Note the difference in nesting: we no longer have an inner set of two axes, but two sets of one axis each. The result is more complex:

>>> simulation_builder = SimulationBuilder()
>>> simulation = simulation_builder.build_from_entities(tax_benefit_system, WITH_PERPENDICULAR_AXES)
>>> len(simulation.calculate('salary', '2018-11'))
64

Why? Because we are varying age and salary independently, and each axis results in multiplying by 4 our original population of 4, resulting in 4 times 4 times 4 individuals, which is indeed 64.
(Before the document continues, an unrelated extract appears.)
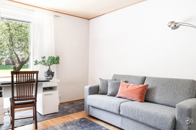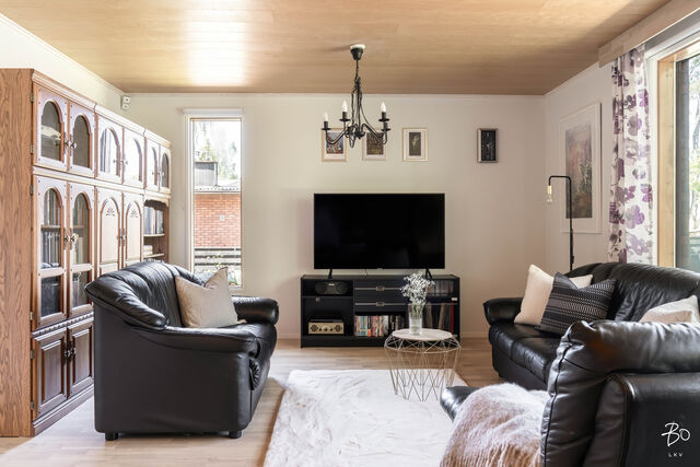 Etusivu / Uusimaa / Porvoo / Kuusikkotie 3 1 / 1 Kuusikkotie 3 Hamari, Porvoo | Omakotitalo | 2 x oh, k, rt, 3 mh, s-os., vh, erill.wc, at + autokatos 248 000 € Velaton hinta 122,0 m2 Asuinpinta-ala 153,0 m2 Kokonaispinta-ala 1973 Rakennusvuosi Yhteen tasoon rakennettu, kodikas perheasunto rauhallisella ja viihtyisällä alueella! Tämän kodin valtteina ovat 70-luvulle tyypilliset, suuret ikkunat, jotka avautuvat ihanan vehreälle pihalle. Isot oleskelutilat ja keittiö muodostavat avaran kokonaisuuden talon sydämeen, jossa perinteinen tiilipintainen takka lämmittää ja luo tunnelmaa. Ilmalämpöpumpun ansiosta asumismukavuudesta voi nauttia ympäri vuoden - kesällä viilentäen ja talvella lämmönlähteenä. Suuri, kaunis piha sijaitsee suojaisasti talon takana. Pihalta löytyy myös viihtyisä paviljonki kesäpäiviin, muurattu ulkogrilli sekä lasten iloksi oma leikkimökki.1970-luvun alkupuolella rakennettua taloa on kunnostettu vuosien varrella huolellisesti aina tarpeen mukaan. Viimeisimpänä, vain vuosi sitten, vaaleasävyiset pesutilat on remontoitu ja päivitetty kauniisti tähän päivään.Auton saa suojaan autotalliin, ja toiselle autolle on paikka katoksessa. Autotallin yhteydessä on lisäksi runsaasti varastotilaa.Talo sijaitsee päättyvän tien varrella, mikä luo turvallisen ympäristön lasten leikeille ja liikkumiselle. Päiväkoti, koulu ja Hamarinranta ovat kaikki noin kilometrin säteellä kiinteistöltä. Kiinnostaako tämä kohde?Ota meihin yhteyttä tai jätä viesti Jatta Toivola kiinteistönvälittäjä LKV, partner 040 764 4316 jatta@bo.fi Tutustu välittäjään Varaa aika kalenteristani RakennusKäyttöönottovuosi1973RakennusmateriaaliPuu, tiiliKattotyyppiAumakattoKateKonesaumattu peltiKaton kuntoTasakatto muutettu aumakatoksi vuonna 1985. Vesikatto uusittu lyhteiden kohdalta vuonna 2005.Asuinpinta-ala122,0 m2 (153,0 m2)Lisätietoja pinta-alastaMuut tilat kylmä varasto 11 m2 ja autotalli 20 m2. Kerroala asunto-osa 146 m2, koko talon kerrosala 177 m2. Lisäksi ullakotilaan on tehty huonetila, jossa oma wc.Kerrokset2Muut tilat31,0 m2IlmanvaihtojärjestelmäKoneellinen poisto kph:ssa ja liesituulettimen kauttaLämmitysjärjestelmän kuvausSähkö, ilmalämpöpumppuLämmön jakotapaSähköpatterilämmitys, muuHuoneluku2 x oh, k, rt, 3 mh, s-os., vh, erill.wc, at + autokatos Keittiön kuvaus, lisätiedot ja varustusKeittiössä psk-liitäntä.Keittiön muut varusteetMikroaaltouuni, astianpesukone, kiinteät valaisimet, liesituuletin / hormiLiesiSähköliesi, erillisuuniKeittiön työtasojen materiaaliPuuKeittiön lattiamateriaaliLaattaKeittiön seinien materiaaliLasikuitutapetti, osalaatoitusPesutilojen kuvaus, lisätiedot ja varustusAllaskaappi, allas.Kylpyhuoneen varustusLattialämmitys, wc-istuin, peilikaappi, kiinteät valaisimetKylpyhuoneen lattiamateriaaliLaattaKylpyhuoneen seinämateriaaliKaakeliSaunaAsunnossa on saunaSaunan lattiamateriaaliLaattaSaunan seinämateriaaliPuuWC-tilojen kuvausAllaskaappi, peilikaappi, wc-istuin, lattialämmitys.Lattiamateriaalit: laattaSeinämateriaalit: kaakeliMakuuhuoneen kuvaus, lisätiedot ja varustusMakuuhuoneiden lattiat uusittu 2000-2002.Lukumäärä: 3Lattiamateriaalit: parkettiSeinämateriaalit: tapettiOleskelutilojen kuvaus, lisätiedot ja varustusOlohuoneen lattia uusittu 2024.Lattiamateriaalit: parkettiSeinämateriaalit: maalattuMuut tilatYläkerrassa lankkulattia/mänty.TakkatiedotTakkaMuut säilytystilatVaatehuone, ulkovarastoTehdyt korjaukset- 1985: asuinrakennuksen laajennus ja tasakaton muutos aumakatoksi, sadevesikourut uusittu, ullakkohuone rakennettu -1997 vesiputkisto uusittu kokonaan vesimittarilta eteenpäin - 2000 alakerran wc:n lattia uusittu, lisätty lattialämmitys - 2005 ullakkohuoneen kattoon lisäeristys ja tuuletus, keskuspölynimurin putkiston asennus, kattoikkuna uusittu, pikku makuuhuoneiden patterit uusittu - 2010 vesikatto maalattu -2010-luvulla uusittu keittiön vesihanan sekoittaja - 2019 viemärilinjan painauman korjaaminen läheltä runkoviemäriä, tarkastuskaivon uusinta - 2020 ikkunoita maalattu - 2021 betoniset loiskevesikupit osiittain uusittu - 2022 sokkeli maalattu - 2023 yläkerran wc:n lattia uusittu, alakerran wc:n seinät ja katto uusittu, wc:n pöntöt uusittu, kph:n ja alakerran wc:n vesihanojen sekoittajat uusittu. - 2024 kph ja sauna remontoitu (mm. lattialämmitys, lämminvesivaraaja, lattiakaivo, putkisto ja sähköistys sekä lattialaatat ja seinäkaakelit uusittu), olohuoneiden patterit uusittu Rakennusluvalle 45/1985/asuinrakennuksen laajennus sekä kattomuutos on pidetty loppukatselmus 4.12.1985. Kattomuutos 2005.Muuta kauppaan kuuluvaaLeikkimökki, huvimaja ja pavilijonki, ulkogrilli/uuni.KuntoTyydyttäväEnergiatodistusKylläEnergialuokkaE2018 KiinteistötiedotKiinteistötunnus638-417-1-645Kortteli/Kiinteistön nimi638-417-1-645TyyppiOmakotitaloTontin koko713,00 m2Tontin omistusVuokrattuTontin vuokrasopimus päättyy31.12.2052Tontin vuokra2 195,00 €Tontin vuokraajaPorvoon kaupunkiPanttikirjat50 000,00 €Lisätietoja tontistaTie perilleVesijohtoKunnanViemäriKunnanRakennusoikeus, e-luku0.30 AsumiskustannuksetSähkölämmitys328,00 €Vesi ja jätevesi51,00 €Puhtaanapito38,00 €Kiinteistövero333,00 €Muut maksut / lisätietoa maksuistaTontin vuokra 2 195 euroa/vuosi, valokuitu 66 euroa/kk + nettilittymämaksu. Lämmityskulu sisältää myös käyttösähkön. Mikäli uusi omistajat haluaa hälytys- ja valvontajärjestelmän nykyisten omistajien kustannus on (Verisure) 795 euroa/vuosi, HintaVelaton hinta248 000,00 €Myyntihinta248 000,00 € VapautuuSopimuksen mukaanMaksuehtoKäteinen. Sinua voisi kiinnostaa Asunnon hinta-arvio ja arviokäynti Asunnon hinta-arvio ja arviokäynti Mitä hinta-arvio maksaa tai miten arviokäyntiä varten kannattaa valmistautua? Katso vastauksemme usein kysyttyihin ky… Sneak Peek® Sneak Peek® Sneak Peek® -palvelumme on askeleen edellä! Löydä alueesi uusimmat ja upeimmat asunnot jo ennen kuin ne ilmestyvät as

What does the data look like?

>>> numpy.reshape(simulation.calculate('salary', '2018-11'),(16,4))
array([[   0.,    0.,    0.,    0.],
       [   0.,    0.,    0.,    0.],
       [   0.,    0.,    0.,    0.],
       [   0.,    0.,    0.,    0.],
       [1000.,    0.,    0.,    0.],
       [1000.,    0.,    0.,    0.],
       [1000.,    0.,    0.,    0.],
       [1000.,    0.,    0.,    0.],
       [2000.,    0.,    0.,    0.],
       [2000.,    0.,    0.,    0.],
       [2000.,    0.,    0.,    0.],
       [2000.,    0.,    0.,    0.],
       [3000.,    0.,    0.,    0.],
       [3000.,    0.,    0.,    0.],
       [3000.,    0.,    0.,    0.],
       [3000.,    0.,    0.,    0.]], dtype=float32)
>>> numpy.reshape(simulation.calculate('age', '2018-11'),(16,4))
array([[18,  0,  0,  0],
       [38,  0,  0,  0],
       [58,  0,  0,  0],
       [78,  0,  0,  0],
       [18,  0,  0,  0],
       [38,  0,  0,  0],
       [58,  0,  0,  0],
       [78,  0,  0,  0],
       [18,  0,  0,  0],
       [38,  0,  0,  0],
       [58,  0,  0,  0],
       [78,  0,  0,  0],
       [18,  0,  0,  0],
       [38,  0,  0,  0],
       [58,  0,  0,  0],
       [78,  0,  0,  0]], dtype=int32)

We can see that both the age and the salary variables vary by increments, so that all combinations are present: for each age increment, there exists a variant with each salary increment.

This allows us to use OpenFisca for multivariate observation: charting how two variables interact to control a third, as in this example.